US President Donald Trump departed Beijing on Friday after two days of talks with Chinese President Xi Jinping that covered Iran, Taiwan, trade, oil and Boeing aircraft, with both sides claiming progress in stabilising relations between the world’s two largest economies.

Xi welcomed Trump at his official residence, Zhongnanhai, for the final round of talks before the US leader returned to Washington. Over nearly three hours of meetings on Friday, with top aides and translators in attendance, Xi described the visit as a “milestone” and said the two countries had established a “constructive, strategic, stable relationship.” State media reported Xi framed the new track as “strategic stability” for the next three years.

Trump said in a Fox News interview that China had agreed to purchase US oil and to buy 200 Boeing aircraft — claims that Beijing has not formally confirmed. He told reporters at Zhongnanhai it had been “a great couple of days” and added on Truth Social that Xi had congratulated him on “tremendous successes in such a short period of time.”

The most concrete new deliverable was Trump’s invitation to Xi to make a state visit to the White House on September 24, announced at the state dinner on Thursday evening in a video released by the White House. China has yet to confirm acceptance, although state media noted Trump’s invitation. The two leaders could also meet on the sidelines of the APEC summit in Shenzhen in November and the G20 in Florida in December.

Both sides flagged Iran as an area of partial progress.
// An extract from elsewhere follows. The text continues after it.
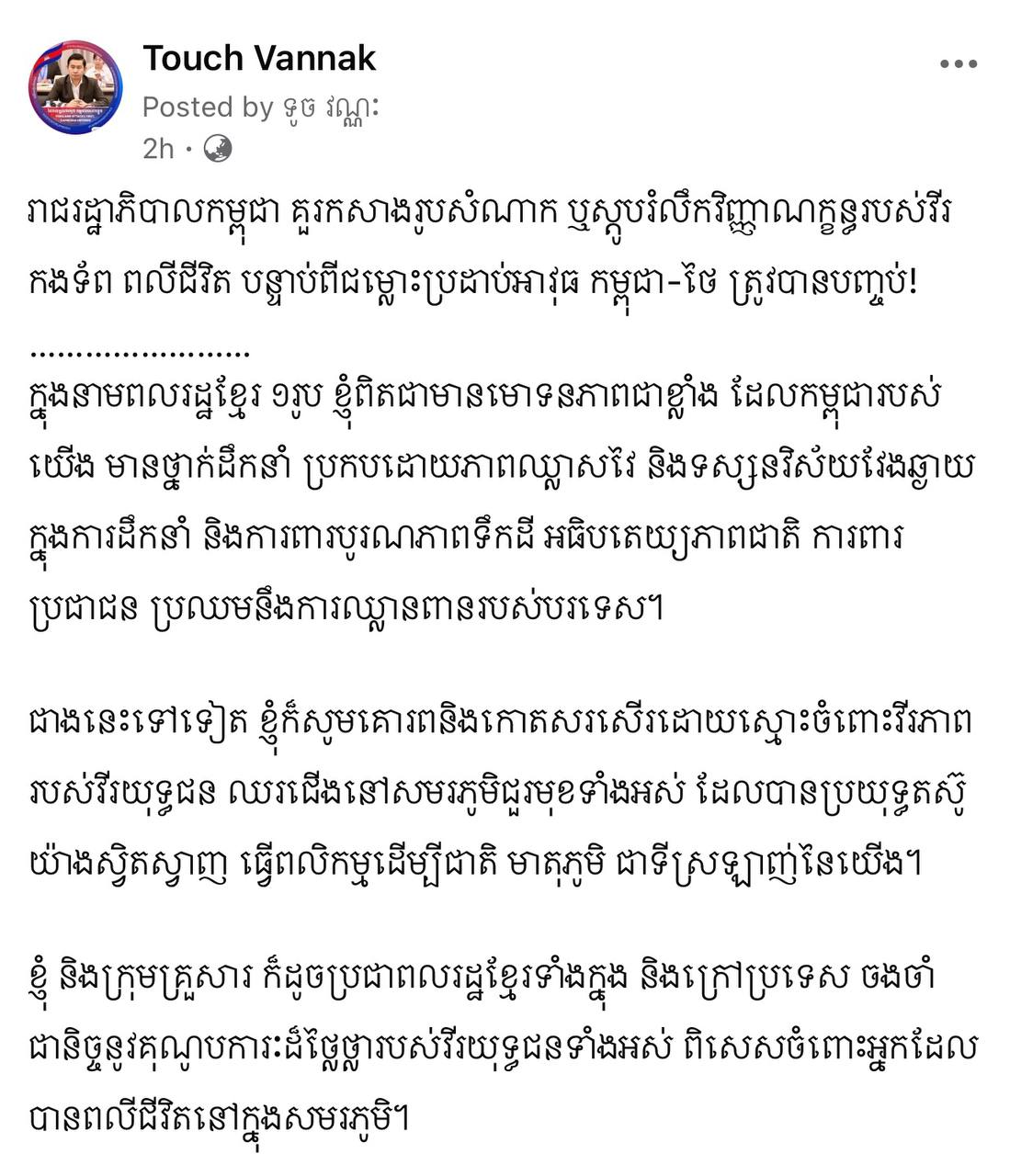 ភ្នំពេញ ៖ នាល្ងាចថ្ងៃទី១ ខែសីហា ឆ្នាំ២០២៥ លោកបណ្ឌិត ទូច វណ្ណៈ (Touch Vannak) បានបង្ហោះសារតាមរយៈផេកផ្លូវការរបស់ខ្លួន ដោយដាក់ចំណងជើងថា “រាជរដ្ឋាភិបាលកម្ពុជា គួរកសាងរូបសំណាក ឬស្តូបរំលឹកវិញ្ញាណក្ខន្ធរបស់វីរកងទ័ព ពលីជីវិត បន្ទាប់ពីជម្លោះប្រដាប់អាវុធ កម្ពុជា-ថៃ ត្រូវបានបញ្ចប់”។

According to the White House, the two governments “agreed that the Strait of Hormuz must remain open to support the free flow of energy,” and Trump said Beijing had reassured Washington it would not supply Iran with military equipment. Taiwan remained the sharpest point of friction: Xi warned that disagreements over the island could lead to “clashes or conflict,” echoing Secretary of State Marco Rubio’s Thursday warning that any forcible takeover would be a “terrible mistake”.

Ryan Fedasiuk of the American Enterprise Institute said the summit had left “a lot on the tree to ripen further,” and Hai Zhao of the Chinese Academy of Social Sciences told Ada Derana the September 24 trip would be treated by Beijing as a reciprocal state visit. The Iran deliverables build on earlier reporting that Trump had publicly aired Xi’s mediation offer on Iran, which Rubio quickly downplayed.